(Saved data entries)
+--

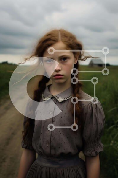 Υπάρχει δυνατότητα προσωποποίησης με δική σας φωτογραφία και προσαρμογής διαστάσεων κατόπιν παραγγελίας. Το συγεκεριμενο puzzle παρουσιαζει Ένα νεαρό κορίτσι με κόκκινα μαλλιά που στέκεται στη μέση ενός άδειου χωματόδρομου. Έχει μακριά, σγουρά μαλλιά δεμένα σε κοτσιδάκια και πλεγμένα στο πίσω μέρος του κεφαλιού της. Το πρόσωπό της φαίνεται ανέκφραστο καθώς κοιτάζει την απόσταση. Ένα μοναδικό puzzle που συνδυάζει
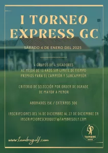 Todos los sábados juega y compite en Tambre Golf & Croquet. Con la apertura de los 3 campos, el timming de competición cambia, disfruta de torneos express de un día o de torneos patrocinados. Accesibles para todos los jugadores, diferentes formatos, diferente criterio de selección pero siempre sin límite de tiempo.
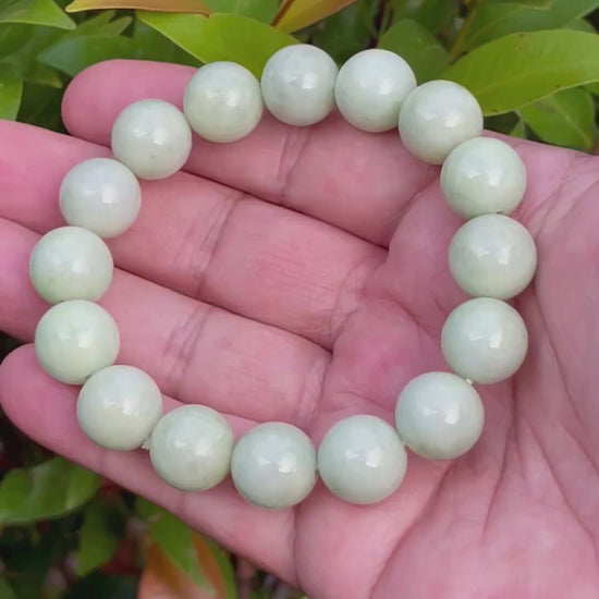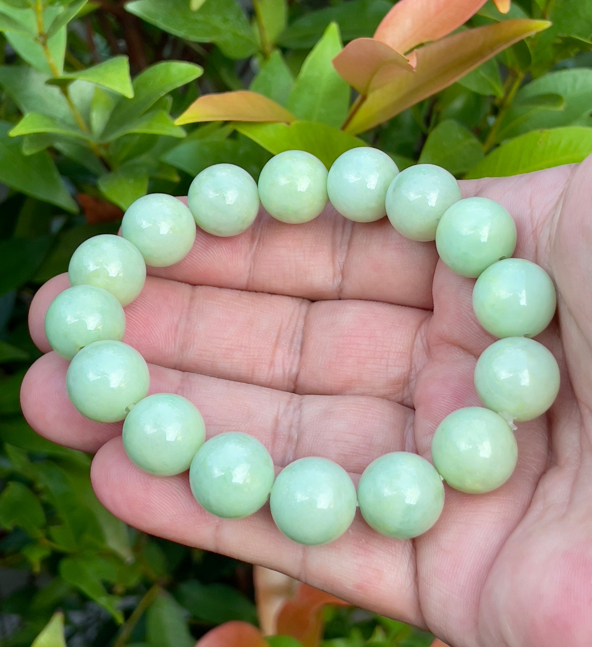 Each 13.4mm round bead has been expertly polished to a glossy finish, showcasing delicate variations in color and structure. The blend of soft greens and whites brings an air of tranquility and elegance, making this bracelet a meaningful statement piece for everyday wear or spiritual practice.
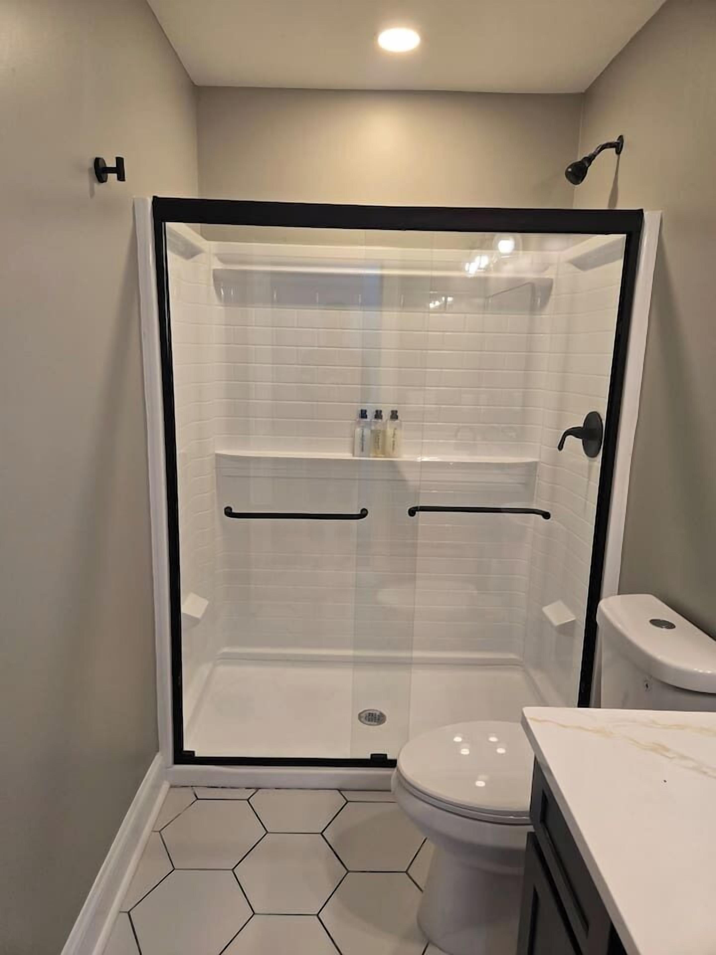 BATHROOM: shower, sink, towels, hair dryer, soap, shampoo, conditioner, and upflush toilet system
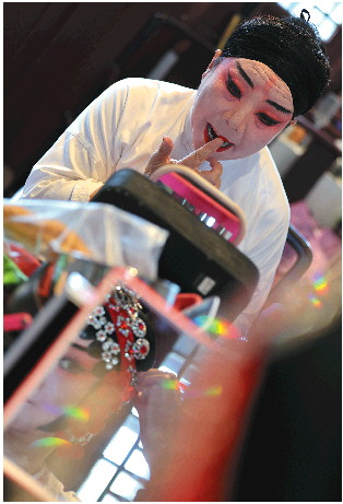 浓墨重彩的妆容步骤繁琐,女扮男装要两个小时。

+--

- _Task item_: From the line that contains "BATHROOM: shower, sink, towels, hair" to the last line of the data, print each line exactly, both ends included, and omit the pictures.

- _Solution below_:
 BATHROOM: shower, sink, towels, hair dryer, soap, shampoo, conditioner, and upflush toilet system
 浓墨重彩的妆容步骤繁琐,女扮男装要两个小时。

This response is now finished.